Thursday, May 06, 2010

A Few Comments About Spam

Imagine you're me. No, really, it's going to be okay. Imagine you're me, and you check your email and see that someone has commented on your blog. Hooray! Someone actually reads this! Someone reads it for more than .5 seconds! What could they possibly have to say?

And then you click on the comment e-mail and see that Mr. or Ms. Anonymous has left a little gem on your blog about their new product, or internet service, or some brand new super awesome porn that you have just GOT to see. In other words, the spammers are taking over blog comments. Either that, or my ramblings are very, very popular with porn peddlers who just like to stop by and say "Hi!"

Hey! Assholes! I hate spam--in e-mail, on the phone, in real life, and ESPECIALLY in blog comments. Do I head over to your blog or site where you're trying to sell nekkid boobie pictures or increase someone's dick size and leave comments about my kids or my dead dog or my business trips? NO I DO NOT. SO CUT. IT. OUT. (Yes, I realize I am yelling at bots. But the kids are at school and you have to yell at something.)

Admittedly, even *I* don't show up on my blog all that much. So imagine my joy today when I saw a little tab called "Comment Moderation" on Blogger. Goodbye, anonymous posters! Hello,
word verification! Suck it, spammers! May this blog soon get back to normal, where real, flesh-and-blood people are busy ignoring it. I can't wait.

Wednesday, May 05, 2010

Keep America Safe

I was in New York last week. While I was there, I witnessed something frightening. Something unsafe. Something that threatens the American way of life. I'm not talking about this:

Which also did happen while I was there

I'm talking about this:

The three most dangerous words in the English language: ACID WASH JEGGINGS

They're jeggings. They're at Bloomingdales. And they're terrifying.

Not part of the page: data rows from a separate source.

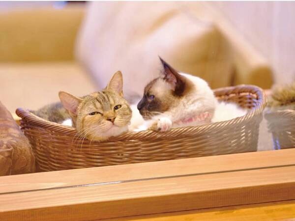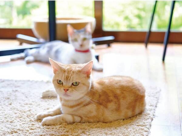 (客室2階、1階のねこカフェ・食事処へ移動は階段となります。お食事処から貸切風呂までは渡り廊下(屋根あり)から、徒歩1~2分のご移動を頂きます。)
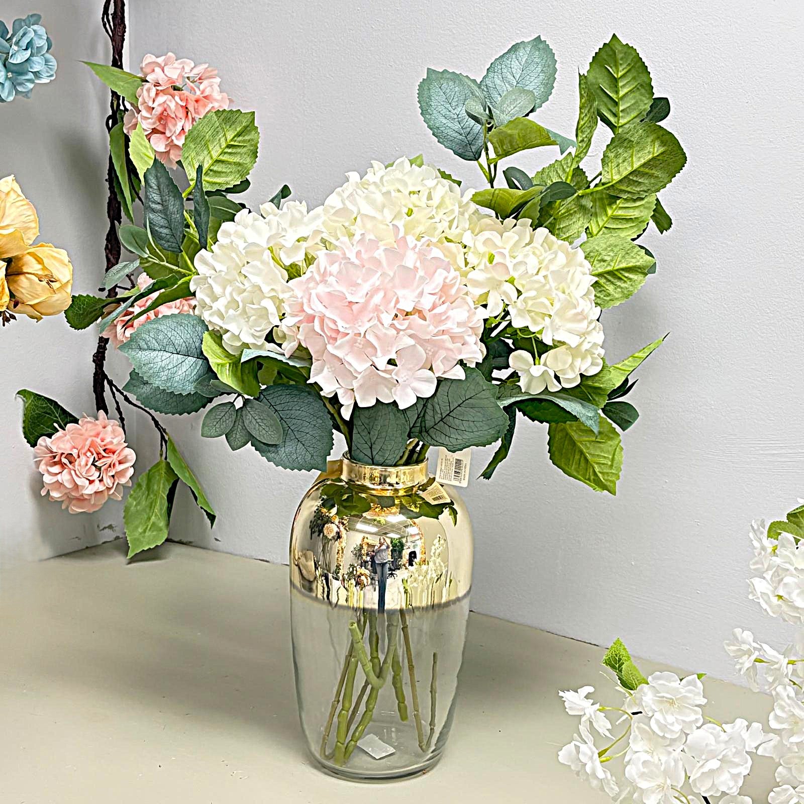This delicate artificial hydrangea stem features full, realistic blooms in Soft Blush Pink tone and White, bringing a touch of timeless elegance to any setting. . Its versatile color pairs beautifully with whites, creams, and muted pastels, enhancing both classic and modern décor styles.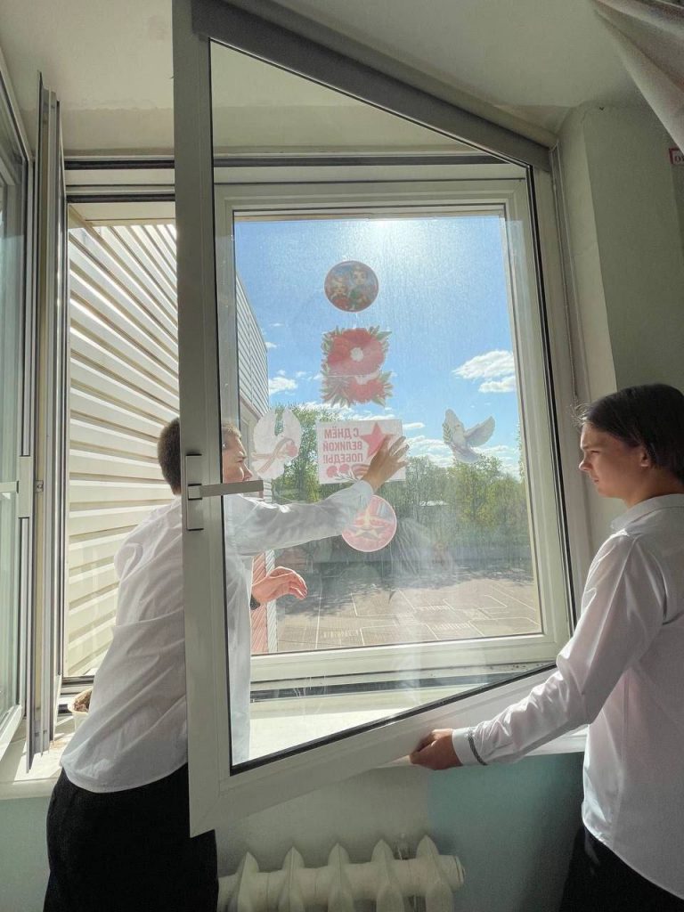 На окнах размещают портреты родственников-героев войны, надписи «9 Мая», «С Днем Победы!», рисунки красками и цветными карандашами на патриотическую тематику. Также оформляют окна изображениями российского и советского флагов, красных звезд, голубей мира, воздушных шаров, залпов салюта, георгиевской ленты и в этом году цифры 80 – количества лет, прошедших с момента Победы.

Jeggings, for the uninitiated or those in denial, are leggings--printed up to look like jeans. That's right. Leggings that look like jeans. HOW LAME IS THAT? You can't just wear skinny jeans that are really stretchy? You have to wear these? What do you pair them with? One of those shirts that's printed with a tuxedo? I mean seriously. Who wears this stuff?

I think the designers intended for people like this to wear them:

Based on my informal research, the real buyers look more like this:

But the real bottom line is that NOBODY should be wearing jeggings. They are a danger to society. If you care about America, hell, if you care about the whole world, please don't buy these. Buy a pair of supertight jeans that you need pliers to zip up, and suffer for fashion. Better you than the rest of us.